We spent most of an afternoon in the museum looking at elegantly mounted pottery fragments and tiny vessels, clumsily formed from cloudy glass. There was something restorative about seeing French art at this untutored level, something innocent and humanizing in the simple requirement for domestic craft. The Louvre had exhausted us to the glitter of high style and finish, and at the castle we felt as though the French had allowed a glimpse of their coarser, more likable selves.

“Look at that,” my husband said, pointing to a case that held a number of tiny clay figures, thousands of years old. We looked. Some of them were missing arms, and a few were missing their heads, but the bodily form was unmistakable.

“They’re icons,” my husband said, translating the display card: “From the pre-Christian era.”

“Icons?” our daughter asked, puzzled. She was seven that summer.

“Like little gods. People in those days worshipped gods made of clay or stone.”

“How do you know?” she asked him.

“Because it says so,” he told her.
“Icône
. That’s the French word for icon. It’s really the same as our word.”

“Maybe they’re dolls,” she said.

“No. It says right here. Look. In those days people were all pagans and they worshipped idols. Little statues like these. They sort of held them in their hands or carried them with them when they went hunting or when they went to war.”

“They could be dolls,” she said slowly.

He began to explain again. “All the early cultures—”

She was looking at the figures, her open hand resting lightly on the glass case. “They look like dolls.”

For a minute I thought he was going to go on protesting. His lips moved, took the necessary shape. He lifted his hand to point once again at the case. I felt sick with sudden inexplicable anger.

Then he turned to our daughter, shrugged, smiled, put his hands in his pockets. He looked young, twenty-five, or even younger. “Who knows,” he said to her. “You might be right. Who knows.”

My sister lives 300 miles away in Ohio, and these days I see her only two or three times a year, usually for family gatherings on long weekends. These visits tend to be noisy and clamorous. Between us we have two husbands and six children, and then there is the flurry of cooking and cleaning up after enormous holiday meals. There is never enough time to do what she and I love to do most, which is to sit at the kitchen
table—hers or mine, they are interchangeable—with mugs of tea before us and to reconstruct, frame by frame, the scenes of our childhood.

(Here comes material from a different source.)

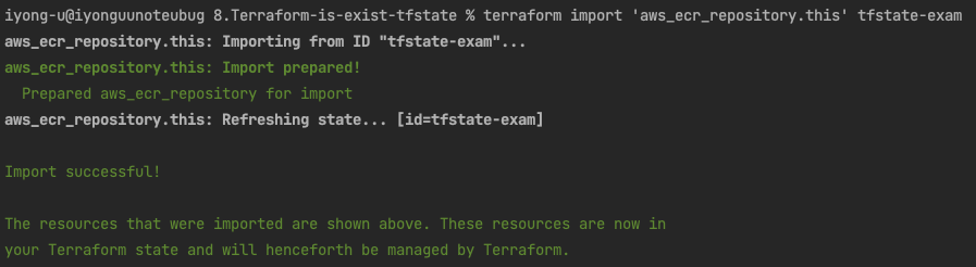위의 스크린샷은 terraform import 명령어를 실행한 후의 결과이다. 이로 인해, AWS에 배포되어 있던 ECR 저장소 정보를 성공적으로 가져올 수 있었다.
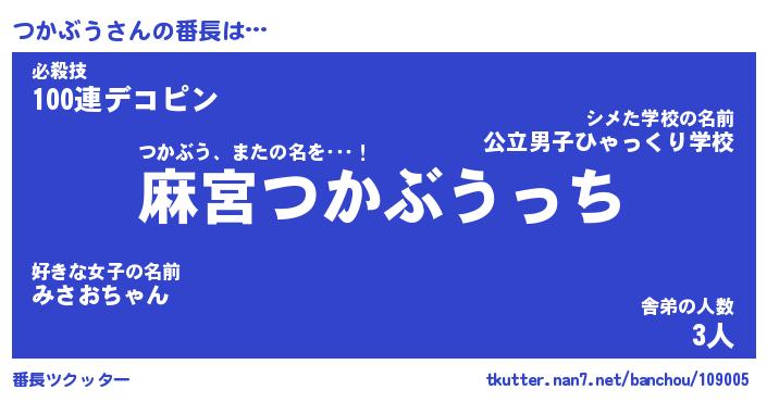 | 意味不明あだ名 | 『ペロリンつかぶう』『永久保存つかぶう』 |

My memory is sharper than hers, so that in these discussions, though I’m two years younger, I tend to lead while she follows. (Sometimes I long for a share of her forgetfulness, her leisured shrugging acceptance of past events. My own recollections, not all happy, were relentlessly present, kept stashed away like ingots, testifying to a peculiar imprisoning muscularity of recall.) The last time she came—early October—we talked about the dolls we had been given every Christmas. Our husbands and children listened, jealously it seemed to me, at the sidelines, the husbands bemused by this ordering of trivia, the children open-mouthed, disbelieving.

I asked my sister if she remembered how our dolls were presented to us, exactly the way real children are presented, the baby dolls asleep in stenciled cradles or wrapped in receiving blankets; and the schoolgirl dolls propped up by the Christmas tree, posed just so, smiling brilliantly and fingering the lower branches with their shapely curved hands. We always loved them on sight.

“Remember Nancy Lynn,” my sister said. She was taking the lead this time. Nancy Lynn had been one of mine, one of the early dolls, a large cheerful baby doll with a body of cloth, and arms and legs of painted plaster. Her swirled brown hair was painted on, and at one point in her long life she took a hard knock on the head, carrying forever after a square chip of white at the scalp. To spare her shame we kept her lacy bonnet tied on day and night. (Our children, listening, howled at this delicacy.)